■ WHAT YOU HAVE TO DO: Please transcribe only the lines between the one containing "Stadtmusik Schramberg 1830 e.V." and the end of the records, both ends included, exactly as written; skip every picture.

Stored records:
==================================================

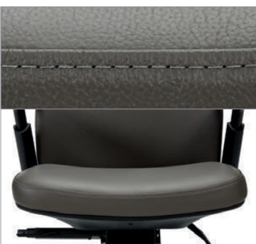
Le périmètre des assises garnies d'un textile enduit ou d'un cuir est rehaussé par des surpiqûres
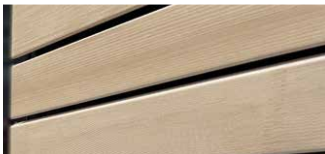
○ Weißtanne, keilgezinkt. Allgemeiner Neuzustand
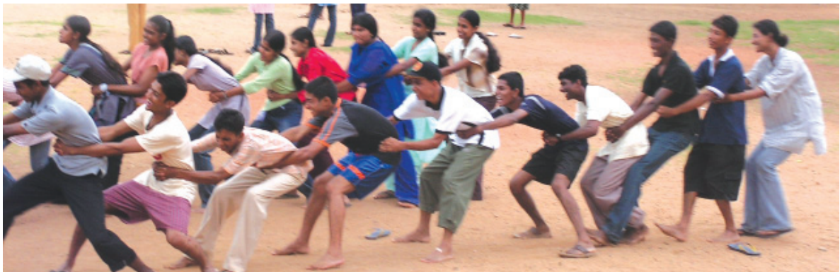
අ/හරිශ්චන්ද්‍ර ම.වි. පැවති කැවුරේ දී ක්‍රීඩාවේ යෙදෙන සිසු සිසුවියන් පිරිසක්
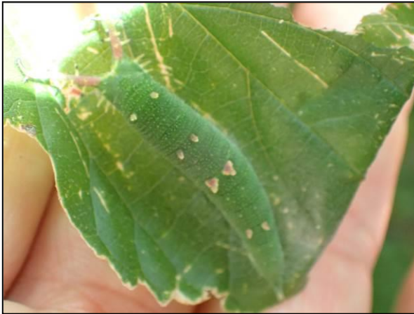
エノキの若木に外来種のアカボシゴマダラの幼虫が目立った。
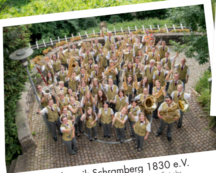
Stadtmusik Schramberg 1830 e.V.
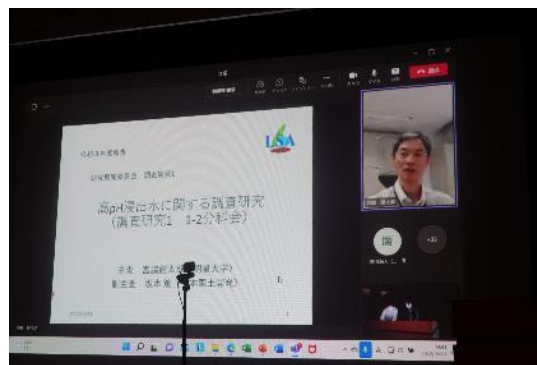
調査研究 1-2 高 pH 浸出水に関する調査研究
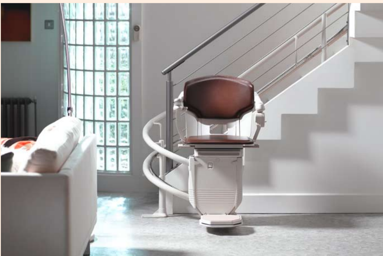
Die neue Generation der Treppenlifte passt sich jeder Einrichtung und jedem Wohnbereich an.

... sagt der Volksmund – und dies gilt bis heute. Denn noch immer fragen Menschen vor wichtigen Entscheidungen um Rat – ihre Familie, Freunde, Nachbarn oder auch die Experten. Seit ich mehrere Monate damit verbracht habe, einen neuen Fernseher zu suchen, weiß ich, wie froh und dankbar ich für den Expertenrat des Freundes war. Genau so geht es anderen Menschen auch, wenn sie einen Rat erhalten, eine Empfehlung, die ihnen hilft, die richtige Entscheidung zu treffen. Und als Ratgeber freut man sich, wenn man seine Erfahrung und sein Wissen weitergeben und einem anderen Menschen helfen kann.

==================================================

■ TASK RESPONSE:
Stadtmusik Schramberg 1830 e.V.
調査研究 1-2 高 pH 浸出水に関する調査研究
Die neue Generation der Treppenlifte passt sich jeder Einrichtung und jedem Wohnbereich an.

... sagt der Volksmund – und dies gilt bis heute. Denn noch immer fragen Menschen vor wichtigen Entscheidungen um Rat – ihre Familie, Freunde, Nachbarn oder auch die Experten. Seit ich mehrere Monate damit verbracht habe, einen neuen Fernseher zu suchen, weiß ich, wie froh und dankbar ich für den Expertenrat des Freundes war. Genau so geht es anderen Menschen auch, wenn sie einen Rat erhalten, eine Empfehlung, die ihnen hilft, die richtige Entscheidung zu treffen. Und als Ratgeber freut man sich, wenn man seine Erfahrung und sein Wissen weitergeben und einem anderen Menschen helfen kann.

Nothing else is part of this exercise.